8. The control method of the photovoltaic energy storage inverter is characterized by being applied to the photovoltaic energy storage inverter, wherein the photovoltaic energy storage inverter comprises a direct current bus and an inverter circuit;

the direct current bus is connected with the inverter circuit and used for transmitting direct current of the photovoltaic array to the inverter circuit;

The direct current bus is also used for connecting an energy storage device so as to transmit direct current of the energy storage device to the inverter circuit;

The inverter circuit is used for converting direct current of the photovoltaic array or the energy storage device into alternating current and transmitting the alternating current to a power grid or a load;

the method comprises the following steps:

And under the condition that the output power of the photovoltaic array is larger than or equal to the load power and the charge state of the energy storage device is larger than or equal to a first preset threshold value, controlling the energy storage device to stop working, and then controlling the bus voltage of the direct current bus to be reduced, wherein the bus voltage is the absolute value of the voltage difference value between the positive electrode of the direct current bus and the negative electrode of the direct current bus.

9. The control method according to claim 8, characterized in that the method further comprises:

And after the energy storage device stops working, if the output power of the photovoltaic array is smaller than the load power, controlling the energy storage device to supply power to the load, and controlling the bus voltage to rise.

10. The control method according to claim 8 or 9, characterized in that the method further comprises:

And controlling the bus voltage to rise before the energy storage device stops working and under the condition that the charge state of the energy storage device is smaller than or equal to a second preset threshold value, wherein the second preset threshold value is smaller than the first preset threshold value.

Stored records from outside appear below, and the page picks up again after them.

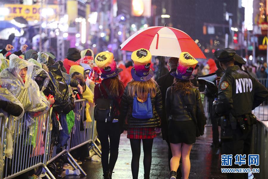12月31日,人们在美国纽约时报广场参加跨年庆祝活动。 当日,纽约时报广场举行一年一度的跨年庆祝活动。 新华社记者王迎摄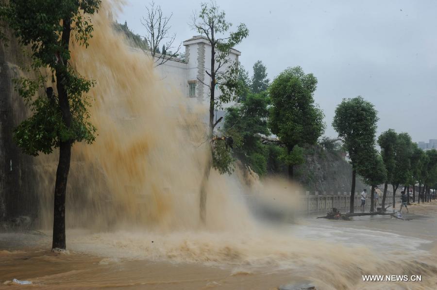 Photo taken on June 3, 2014 shows the flood water cascading in Pingba County of Anshun city, southwest China's Guizhou province. Heavy rain has battered most areas of Guizhou since Monday. (Xinhua/Ou Dongqu)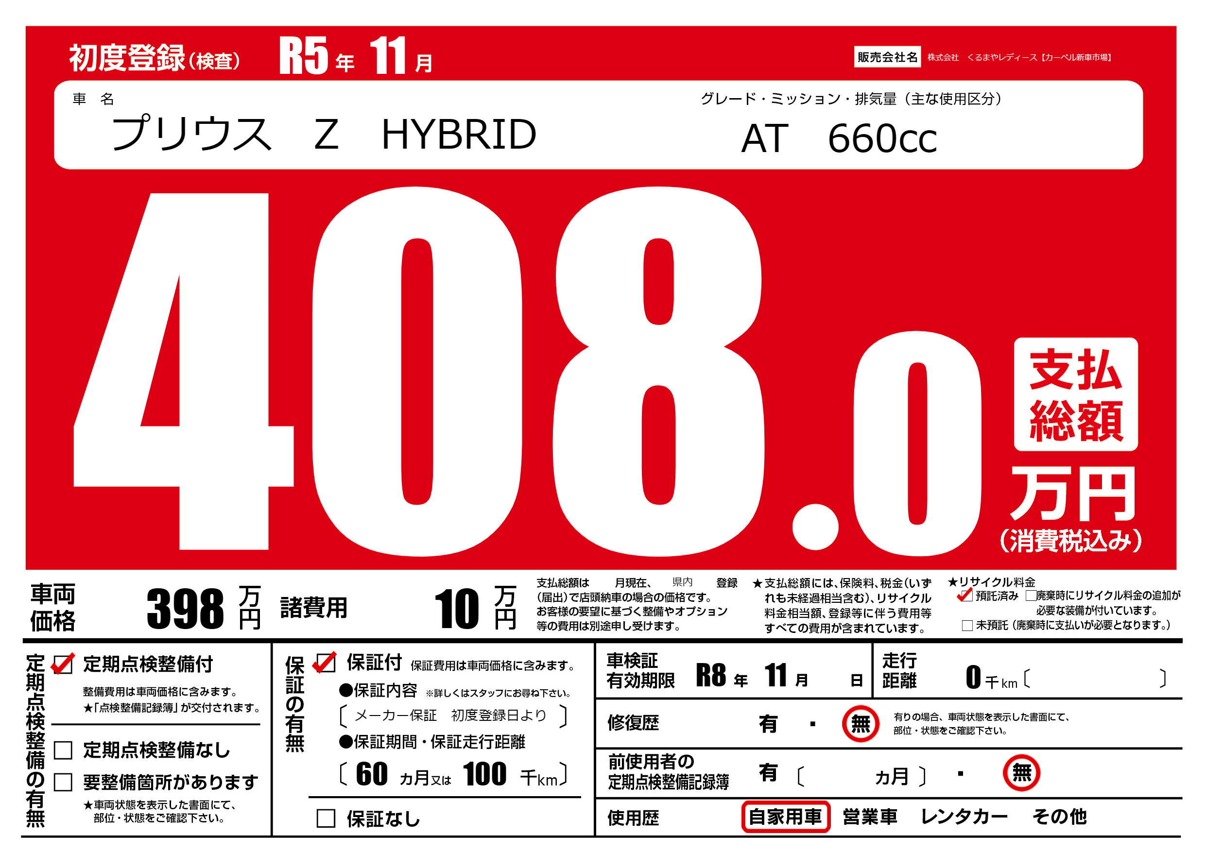 | 車名 | プリウス Z HYBRID | グレード ミッション 排気量 |
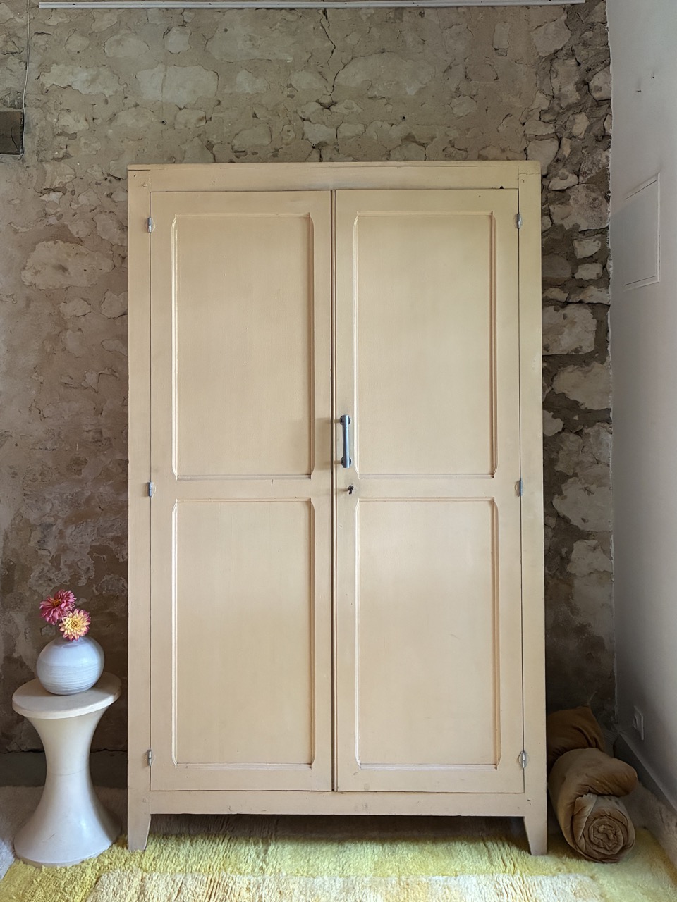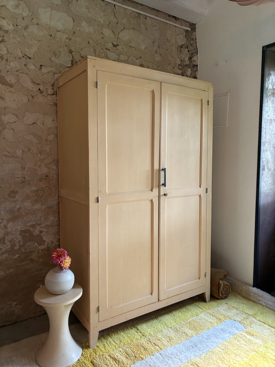 Ajoutez une touche de couleur vintage à votre intérieur avec cette belle et grande armoire jaune d’or !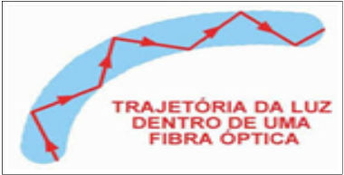 Ao entrar na fibra óptica, a luz sofre mudança de meio de propagação, o que caracteriza o fenômeno da refração. A propagação da luz na fibra só é possível graças ao fenômeno da reflexão total.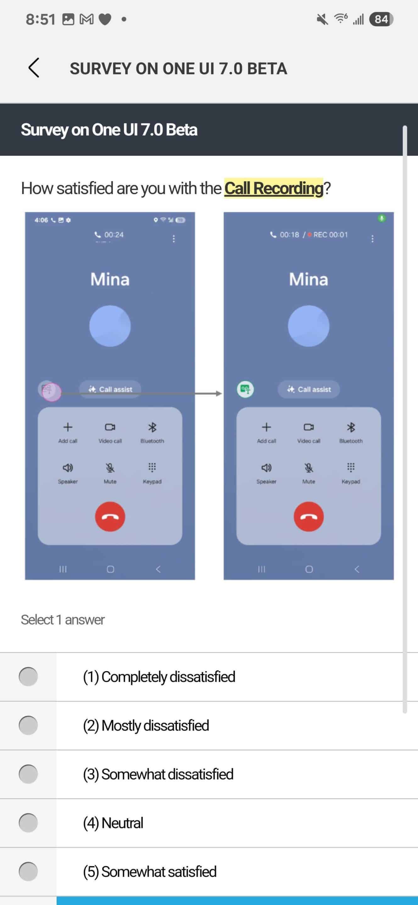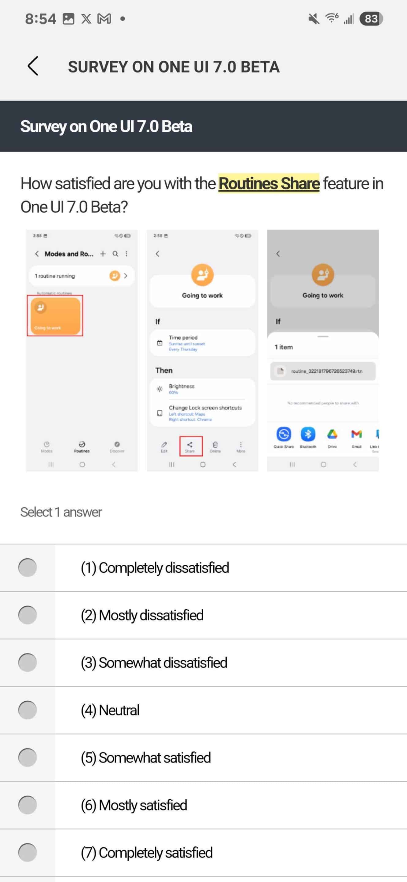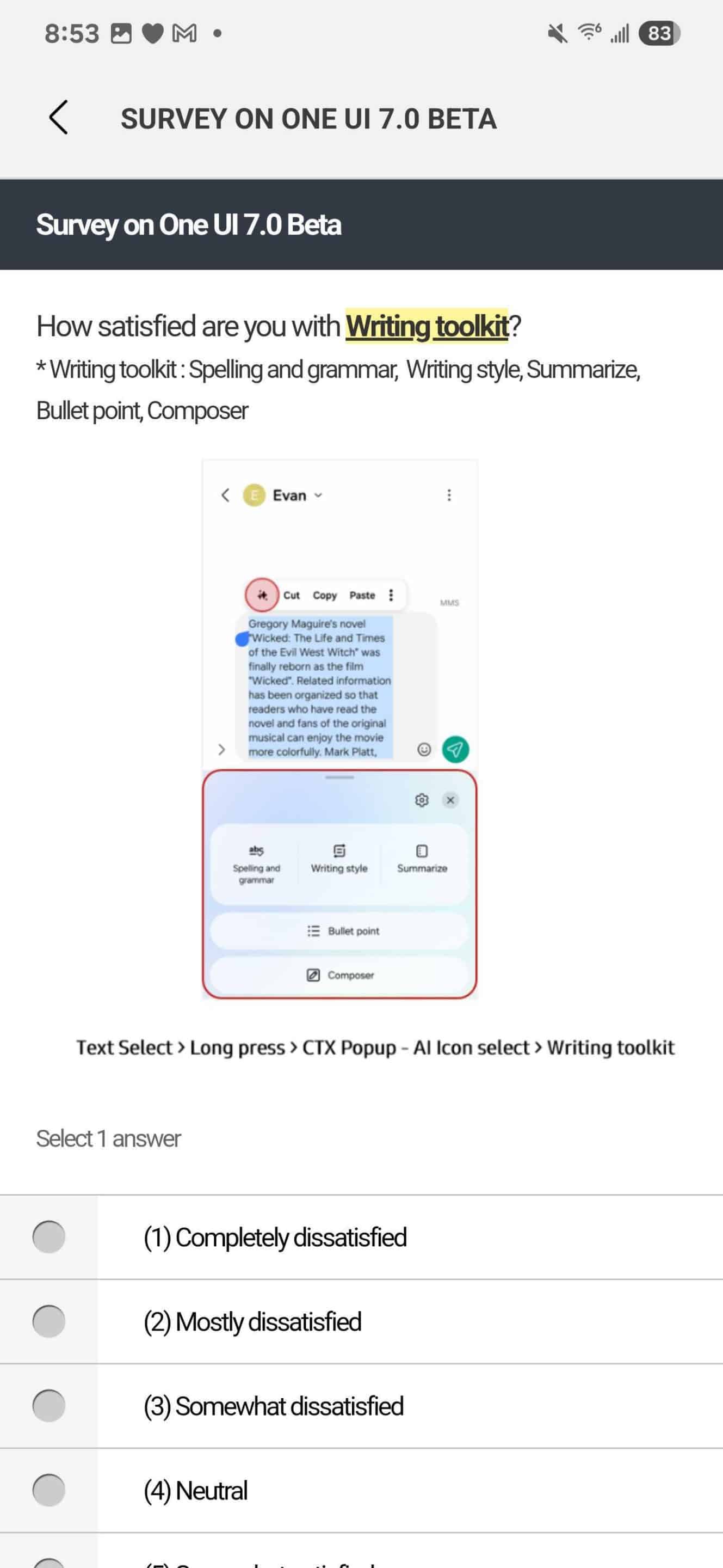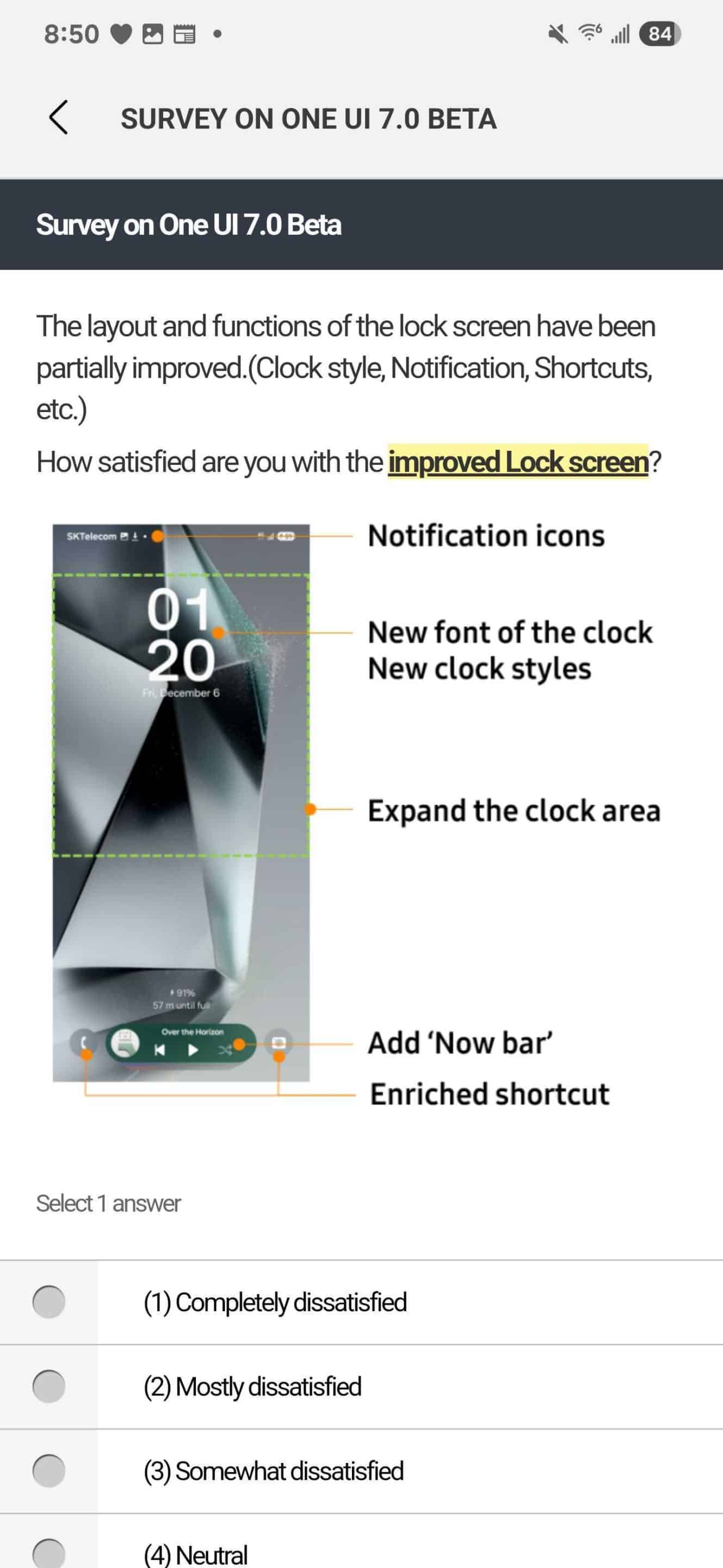 Samsung is now rolling out a survey on the One UI 7.0 beta through the Members app. It’s asking beta testers how satisfied they are with the latest features. Participants are given six (or seven) options to choose from, ranging from Completely dissatisfied to Mostly satisfied.

11. The control method according to claim 8 or 9, characterized in that the method further comprises:

And controlling the bus voltage to rise after the energy storage device supplies power to the load and under the condition that the state of charge of the energy storage device is smaller than or equal to the second preset threshold, wherein the second preset threshold is smaller than the first preset threshold.

12. The control method according to any one of claims 8 to 11, wherein the first controlling the energy storage device to stop operation and then controlling the bus voltage of the dc bus to decrease includes:

And under the condition that the output power of the photovoltaic array is larger than or equal to the load power and the charge state of the energy storage device is larger than or equal to the first preset threshold value, after a first period of time, the energy storage device is controlled to stop working, and then the bus voltage is controlled to be reduced, wherein the first period of time is larger than or equal to 5 minutes and smaller than or equal to 10 minutes.

13. A control method according to any one of claims 8-12, wherein the controlling the energy storage device to supply power to the load and controlling the bus voltage rise comprises:

And after the energy storage device stops working, if the output power of the photovoltaic array is smaller than the load power, controlling the energy storage device to supply power to the load after a second time period, and controlling the bus voltage to rise, wherein the second time period is longer than or equal to 5 minutes and is shorter than or equal to 10 minutes.